Records from a dataset:
=====

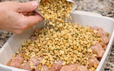 La mamma cosparge il ripieno secco sul pollo crudo in una pirofila. Il sapore è molto più buono di quanto sembri.
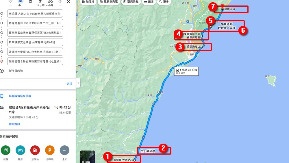 台東市春享color民宿->成功都歷部落傳統海域->東河金樽遊憩區->東河馬利諾廚房->
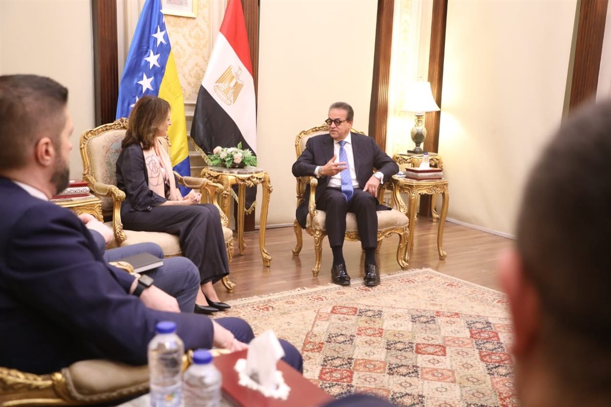 وفي بداية اللقاء، وجه الدكتور خالد عبدالغفار، نائب رئيس مجلس الوزراء وزير الصحة والسكان، الدعوة لنظيرته بدولة البوسنة والهرسك لحضور المؤتمر العالمي للسكان والصحة والتنمية البشرية، المقرر عقده في الفترة من 12-15 نوفمبر الجاري، تحت رعاية الرئيس عبدالفتاح السيسي، وذلك للتعرف عن قرب على التجربة المصرية في تطوير القطاع الصحي، ومناقشة القضايا العالمية المتعلقة بالصحة والسكان والتنمية البشرية، وتبادل الخبرات والرؤى بين الدول المشاركة.
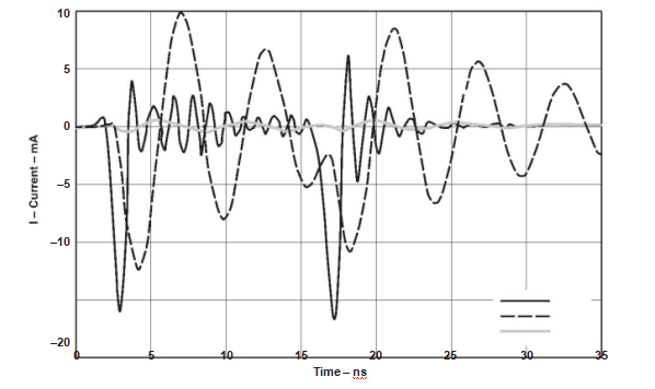 The results of the simulation are shown in Figure 6. As might be expected, the currents in the leads to the IC ICC and in the first CB (IC1) have not become any smaller. However, Figure 6 shows that there is a reduction of the current amplitude (ICH) by more than 20 dB after the inductor. This method can contribute to a significant reduction of the radiation.
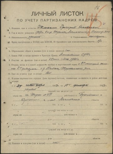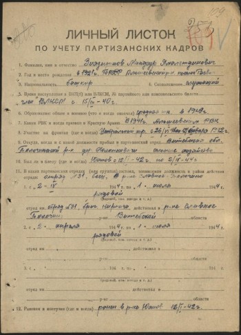 Участвовал в партизанском движении с 25.09.1943 по __?__

=====

EXERCISE REQUIREMENTS:
Repeat the entries exactly and keep the pictures out of the copy.

ANSWER BOX:
 La mamma cosparge il ripieno secco sul pollo crudo in una pirofila. Il sapore è molto più buono di quanto sembri.
 台東市春享color民宿->成功都歷部落傳統海域->東河金樽遊憩區->東河馬利諾廚房->
 وفي بداية اللقاء، وجه الدكتور خالد عبدالغفار، نائب رئيس مجلس الوزراء وزير الصحة والسكان، الدعوة لنظيرته بدولة البوسنة والهرسك لحضور المؤتمر العالمي للسكان والصحة والتنمية البشرية، المقرر عقده في الفترة من 12-15 نوفمبر الجاري، تحت رعاية الرئيس عبدالفتاح السيسي، وذلك للتعرف عن قرب على التجربة المصرية في تطوير القطاع الصحي، ومناقشة القضايا العالمية المتعلقة بالصحة والسكان والتنمية البشرية، وتبادل الخبرات والرؤى بين الدول المشاركة.
 The results of the simulation are shown in Figure 6. As might be expected, the currents in the leads to the IC ICC and in the first CB (IC1) have not become any smaller. However, Figure 6 shows that there is a reduction of the current amplitude (ICH) by more than 20 dB after the inductor. This method can contribute to a significant reduction of the radiation.
 Участвовал в партизанском движении с 25.09.1943 по __?__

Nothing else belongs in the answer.